Идеальный брак — тот, в котором каждый из супругов получает радость, проигрывая другому. Вероятно, на свете не существует ни одной семейной пары, жизнь которой протекала бы без обид, размолвок, недоразумений и ссор. Но если люди любят друг друга, любят со всеми достоинствами и недостатками, любовь смягчает ссоры, прощеные обиды и позабытые недоразумения уносятся прочь. Ткань жизни такой семьи мягка и приятна на ощупь: в ней нет шероховатостей, потертостей и дыр, оставленных большими скандалами.

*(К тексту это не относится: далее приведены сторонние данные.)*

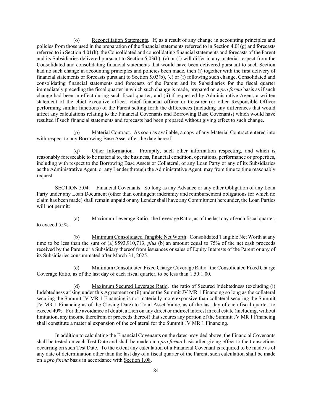 84 (o) Reconciliation Statements. If, as a result of any change in accounting principles and policies from those used in the preparation of the financial statements referred to in Section 4.01(g) and forecasts referred to in Section 4.01(h), the Consolidated and consolidating financial statements and forecasts of the Parent and its Subsidiaries delivered pursuant to Section 5.03(b), (c) or (f) will differ in any material respect from the Consolidated and consolidating financial statements that would have been delivered pursuant to such Section had no such change in accounting principles and policies been made, then (i) together with the first delivery of financial statements or forecasts pursuant to Section 5.03(b), (c) or (f) following such change, Consolidated and consolidating financial statements and forecasts of the Parent and its Subsidiaries for the fiscal quarter immediately preceding the fiscal quarter in which such change is made, prepared on a pro forma basis as if such change had been in effect during such fiscal quarter, and (ii) if requested by Administrative Agent, a written statement of the chief executive officer, chief financial officer or treasurer (or other Responsible Officer performing similar functions) of the Parent setting forth the differences (including any differences that would affect any calculations relating to the Financial Covenants and Borrowing Base Covenants) which would have resulted if such financial statements and forecasts had been prepared without giving effect to such change. (p) Material Contract. As soon as available, a copy of any Material Contract entered into with respect to any Borrowing Base Asset after the date hereof. (q) Other Information. Promptly, such other information respecting, and which is reasonably foreseeable to be material to, the business, financial condition, operations, performance or properties, including with respect to the Borrowing Base Assets or Collateral, of any Loan Party or any of its Subsidiaries as the Administrative Agent, or any Lender through the Administrative Agent, may from time to time reasonably request. SECTION 5.04. Financial Covenants. So long as any Advance or any other Obligation of any Loan Party under any Loan Document (other than contingent indemnity and reimbursement obligations for which no claim has been made) shall remain unpaid or any Lender shall have any Commitment hereunder, the Loan Parties will not permit: (a) Maximum Leverage Ratio. the Leverage Ratio, as of the last day of each fiscal quarter, to exceed 55%. (b) Minimum Consolidated Tangible Net Worth: Consolidated Tangible Net Worth at any time to be less than the sum of (a) $593,910,713, plus (b) an amount equal to 75% of the net cash proceeds received by the Parent or a Subsidiary thereof from issuances or sales of Equity Interests of the Parent or any of its Subsidiaries consummated after March 31, 2025. (c) Minimum Consolidated Fixed Charge Coverage Ratio. the Consolidated Fixed Charge Coverage Ratio, as of the last day of each fiscal quarter, to be less than 1.50:1.00. (d) Maximum Secured Leverage Ratio. the ratio of Secured Indebtedness (excluding (i) Indebtedness arising under this Agreement or (ii) under the Summit JV MR 1 Financing so long as the collateral securing the Summit JV MR 1 Financing is not materially more expansive than collateral securing the Summit JV MR 1 Financing as of the Closing Date) to Total Asset Value, as of the last day of each fiscal quarter, to exceed 40%. For the avoidance of doubt, a Lien on any direct or indirect interest in real estate (including, without limitation, any income therefrom or proceeds thereof) that secures any portion of the Summit JV MR 1 Financing shall constitute a material expansion of the collateral for the Summit JV MR 1 Financing. In addition to calculating the Financial Covenants on the dates provided above, the Financial Covenants shall be tested on each Test Date and shall be made on a pro forma basis after giving effect to the transactions occurring on such Test Date. To the extent any calculation of a Financial Covenant is required to be made as of any date of determination other than the last day of a fiscal quarter of the Parent, such calculation shall be made on a pro forma basis in accordance with Section 1.08.

Семейный быт Третьяковых не был лишен неизбежных конфликтов, но конфликты эти были, скорее, исключением на фоне спокойной, гармоничной семейной жизни и не могли разрушить атмосферу любви и понимания между супругами.
А. П. Боткина пишет: «…источником некоторых недоразумений между Павлом Михайловичем и Верой Николаевной было воспитание детей… Когда дети начали проявлять свои вкусы, склонности и желания, они предпочитали действовать через мать. Она шла ходатайствовать за них, иногда рискуя получить отповедь»[526]. Воспитание детей — не меньший труд, чем приумножение капитала, и Павел Михайлович подходил к этому делу ответственно. Дети получили превосходное — гораздо более совершенное, чем у самого П. М. Третьякова, — домашнее образование, занимаясь с гувернерами. Учились русскому языку, арифметике, Закону Божию, истории Церкви, всемирной истории, литературе, ботанике, анатомии, немецкому, французскому и английскому языкам, музыке, танцам, рисованию…
Отец из принципа не хотел отдавать детей ни в какое учебное заведение, так как предпочитал сам руководить их просвещением. Этот и многие другие принципы Павла Михайловича лежали в основе его воспитательной и образовательной «программы». Так, Павел Михайлович желал внушить дочерям мысль, что хорошим мужем для них может стать лишь тот человек, который зарабатывает на жизнь собственным трудом. Он долго не давал согласия на брак Веры Павловны с небогатым дворянином А. И. Зилоти, музыкантом. Это дало Вере Павловне повод заявить: «Отец… доходил в нашем воспитании до абсурда, граничившего с деспотизмом, который увеличивался с тем, как мы вырастали»[527]. Но… у Павла Михайловича были все основания так поступать. Во-первых, будущий зять слыл игроком, во-вторых, вращение дочери в великосветских кругах, жизнь за границей и пустые траты денег на «приемы» Третьяков не одобрял, а избранник его дочери проявлял к этому склонность.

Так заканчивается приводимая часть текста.